* **Given data**
════

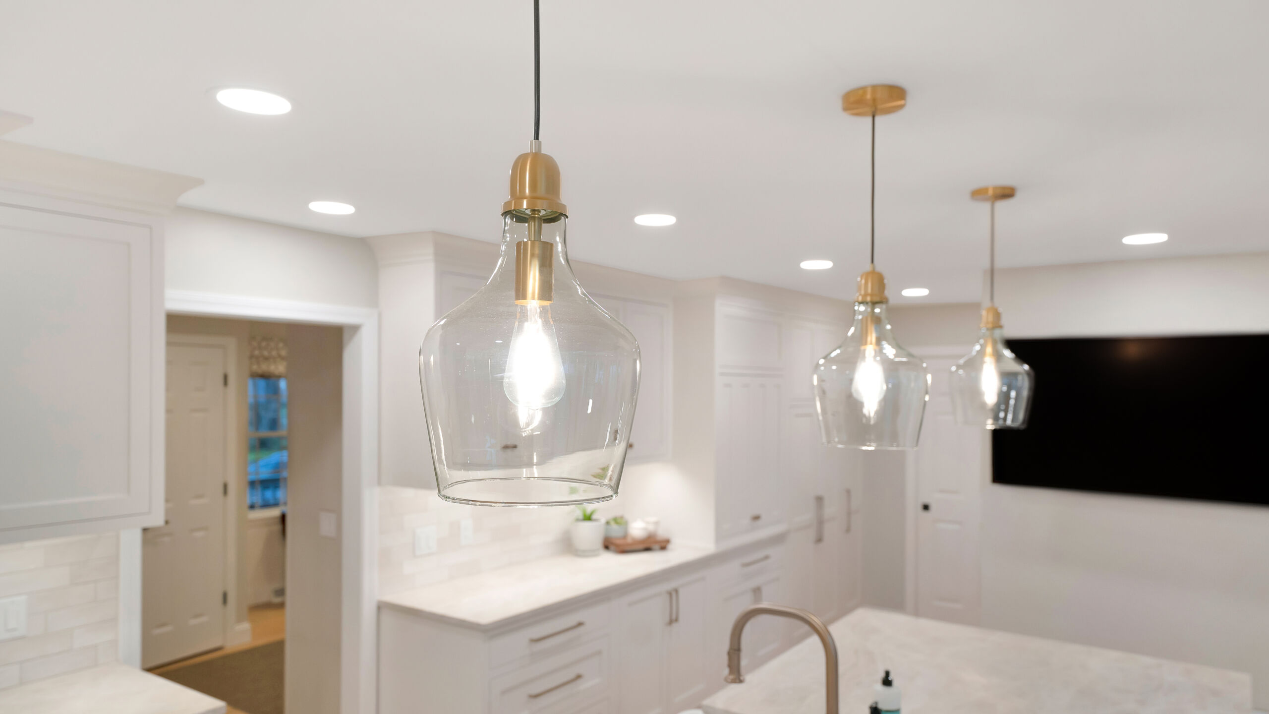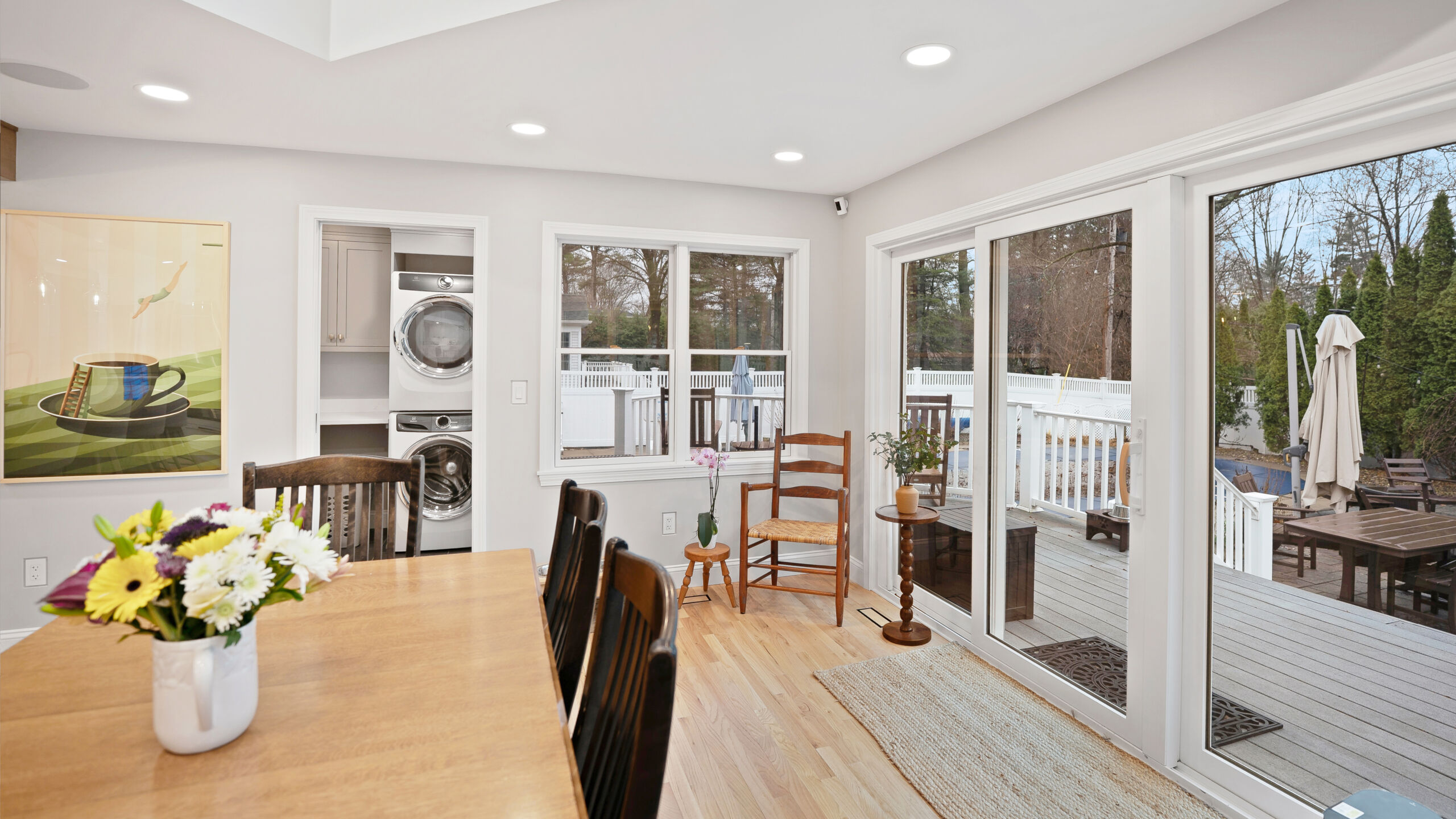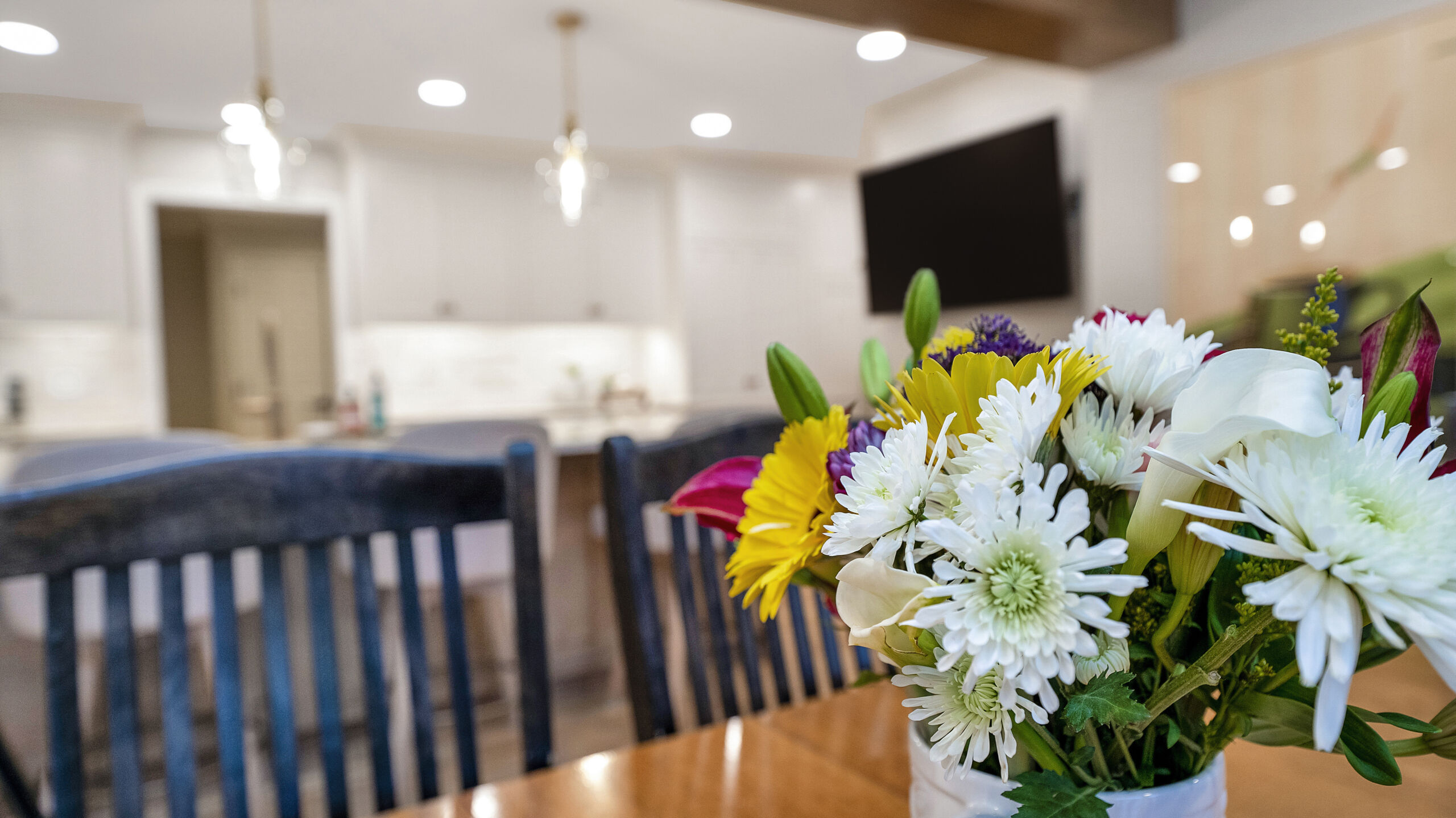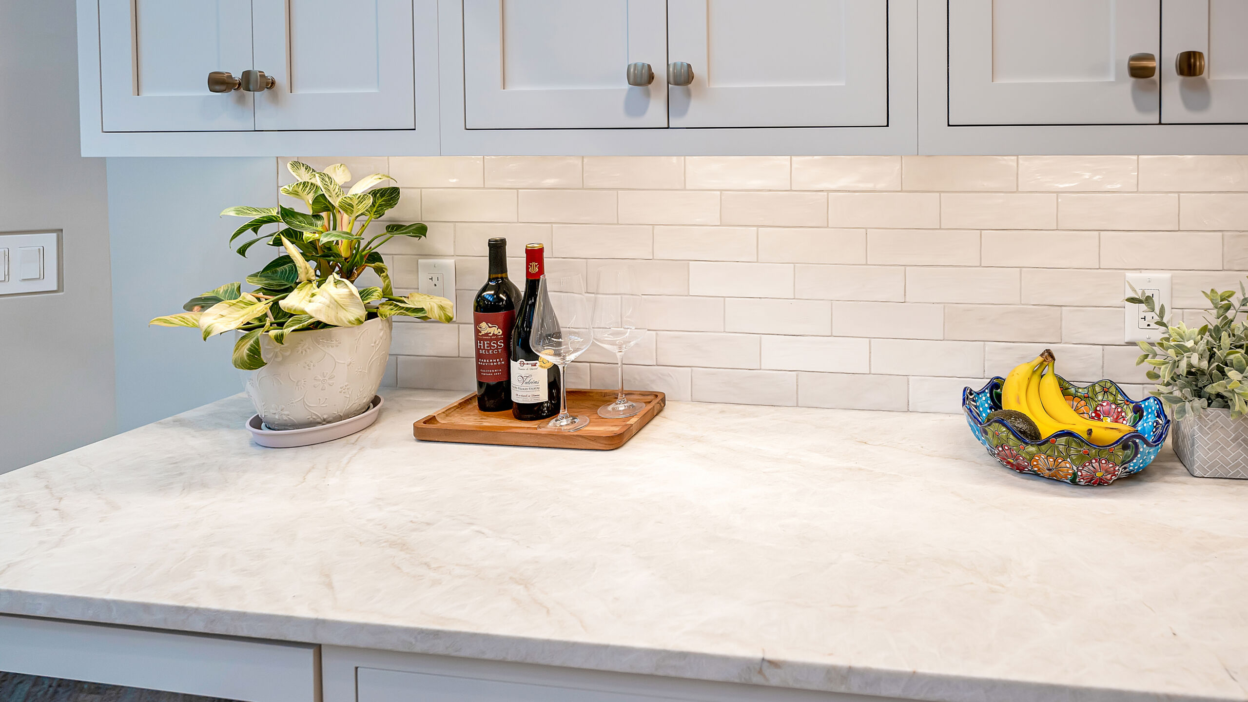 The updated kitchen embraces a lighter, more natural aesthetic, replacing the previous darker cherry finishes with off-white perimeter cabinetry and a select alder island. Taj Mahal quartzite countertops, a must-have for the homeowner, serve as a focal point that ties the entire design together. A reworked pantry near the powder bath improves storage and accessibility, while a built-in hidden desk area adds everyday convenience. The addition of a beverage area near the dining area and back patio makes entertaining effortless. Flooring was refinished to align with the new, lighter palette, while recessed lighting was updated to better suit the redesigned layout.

════

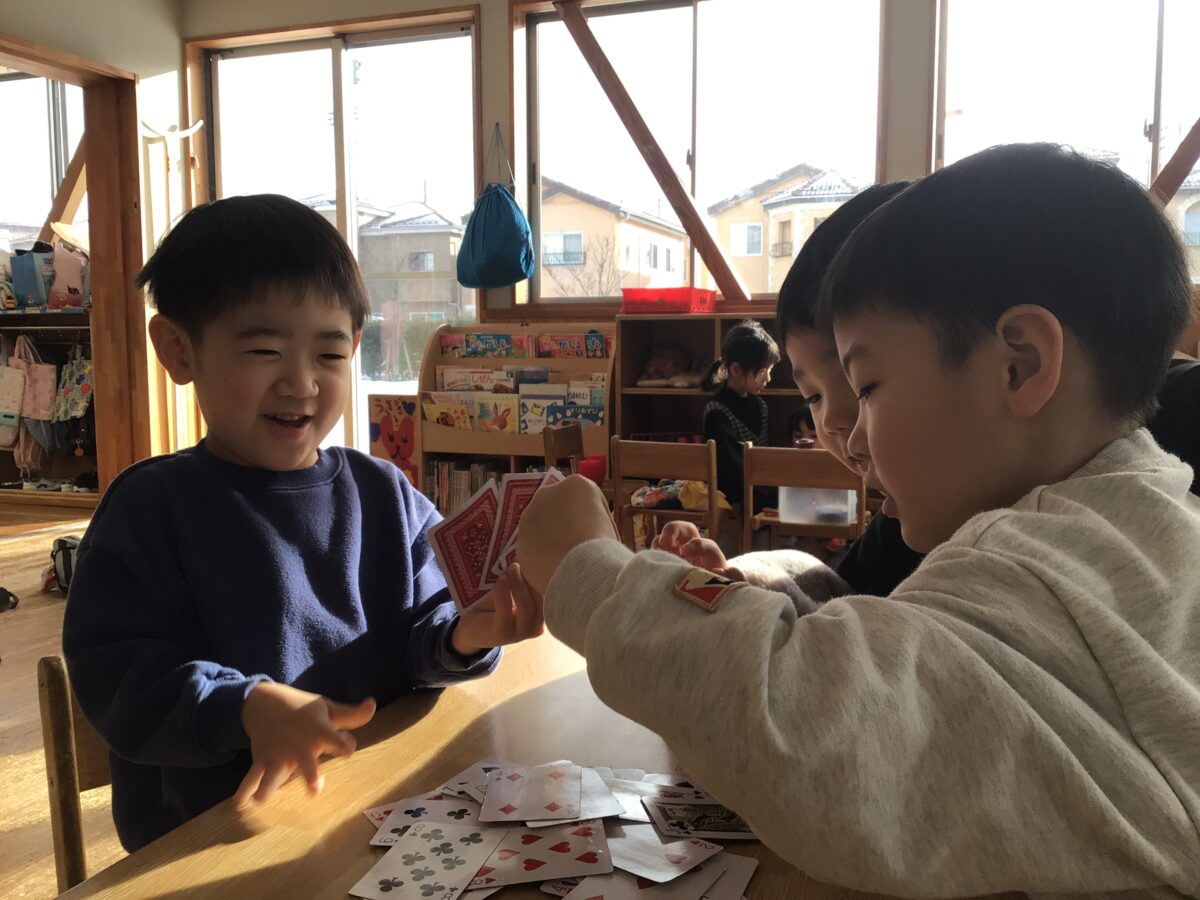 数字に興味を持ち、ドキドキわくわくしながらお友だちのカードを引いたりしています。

════

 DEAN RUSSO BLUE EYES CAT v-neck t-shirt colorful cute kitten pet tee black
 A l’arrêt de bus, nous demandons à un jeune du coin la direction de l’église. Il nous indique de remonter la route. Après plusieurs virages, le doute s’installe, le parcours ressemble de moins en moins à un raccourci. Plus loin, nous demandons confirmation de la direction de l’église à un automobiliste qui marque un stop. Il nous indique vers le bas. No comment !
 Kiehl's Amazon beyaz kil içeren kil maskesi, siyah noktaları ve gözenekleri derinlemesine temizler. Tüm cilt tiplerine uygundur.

════

* **Task item**
Reproduce exactly, and only, the part of the listing above that begins at the line with "DEAN RUSSO BLUE" and goes on through the line with "Kiehl's Amazon beyaz".

* **Solution for this task**
 DEAN RUSSO BLUE EYES CAT v-neck t-shirt colorful cute kitten pet tee black
 A l’arrêt de bus, nous demandons à un jeune du coin la direction de l’église. Il nous indique de remonter la route. Après plusieurs virages, le doute s’installe, le parcours ressemble de moins en moins à un raccourci. Plus loin, nous demandons confirmation de la direction de l’église à un automobiliste qui marque un stop. Il nous indique vers le bas. No comment !
 Kiehl's Amazon beyaz kil içeren kil maskesi, siyah noktaları ve gözenekleri derinlemesine temizler. Tüm cilt tiplerine uygundur.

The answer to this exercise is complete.